Your task: Your answer should hold the data exactly as given, minus any picture.

Material provided:
◆ ◆ ◆ ◆
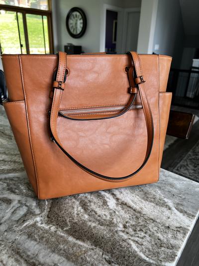 This alfani teklah tote is a very nice size . It has a very large zipper storage on one side and 2 large pockets on the other side inside the purse . The pockets are perfect for your phone or calculator, pens . The tote also has 2 large pockets on the outer side . Perfect for your phone or water bottles. The tote has plenty of room for my laptop, work files and notebooks . The tote also works well for using as my purse and when shopping able to carry my packages in .it also has nice foot taps on the bottom. However with the great things this tote offers I do not like the red and blue strip down the front . I also do not like pleather . I do not see this tote lasting long for my work use as it feels to heavy and pulls down with my small laptop and few files in it . Also I feel that the longer strap could be a little longer .
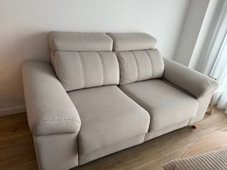 Sofá de dos plazas con un diseño moderno y confortable. Su tapicería de tela le da un toque acogedor a cualquier estancia. - Tapicería de tela desenfundable con cremallera - Asientos extensibles -2 Arcones en ambos laterales - uno lateral también se extiende para hacer una cama. _ Cabeceros reclinables - Sentada confortable con riñoneras que acogen muy bien las lumbares - Color beige neutro Milán crema tacto suave ideal para niños y mascotas que rascan. ( no tenemos mascota) -Tiene un año de uso, comprado en noviembre de 2024. Lo cambio porque me he mudado y en mi nueva casa necesito otro tamaño. Es el modelo Sara del fabricante
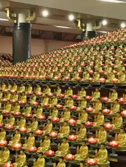 Under the lotus base of the Buddha statue is the Appreciation Hall, the Buddhism History Museum and the Ten Thousand Buddhas Hall. There are 9,999 small Buddha statues in the hall but together with the Nanshan Giant Buddha, they make up a total of 10,000 Buddhas.
◆ ◆ ◆ ◆
Solved problem:
 This alfani teklah tote is a very nice size . It has a very large zipper storage on one side and 2 large pockets on the other side inside the purse . The pockets are perfect for your phone or calculator, pens . The tote also has 2 large pockets on the outer side . Perfect for your phone or water bottles. The tote has plenty of room for my laptop, work files and notebooks . The tote also works well for using as my purse and when shopping able to carry my packages in .it also has nice foot taps on the bottom. However with the great things this tote offers I do not like the red and blue strip down the front . I also do not like pleather . I do not see this tote lasting long for my work use as it feels to heavy and pulls down with my small laptop and few files in it . Also I feel that the longer strap could be a little longer .
 Sofá de dos plazas con un diseño moderno y confortable. Su tapicería de tela le da un toque acogedor a cualquier estancia. - Tapicería de tela desenfundable con cremallera - Asientos extensibles -2 Arcones en ambos laterales - uno lateral también se extiende para hacer una cama. _ Cabeceros reclinables - Sentada confortable con riñoneras que acogen muy bien las lumbares - Color beige neutro Milán crema tacto suave ideal para niños y mascotas que rascan. ( no tenemos mascota) -Tiene un año de uso, comprado en noviembre de 2024. Lo cambio porque me he mudado y en mi nueva casa necesito otro tamaño. Es el modelo Sara del fabricante
 Under the lotus base of the Buddha statue is the Appreciation Hall, the Buddhism History Museum and the Ten Thousand Buddhas Hall. There are 9,999 small Buddha statues in the hall but together with the Nanshan Giant Buddha, they make up a total of 10,000 Buddhas.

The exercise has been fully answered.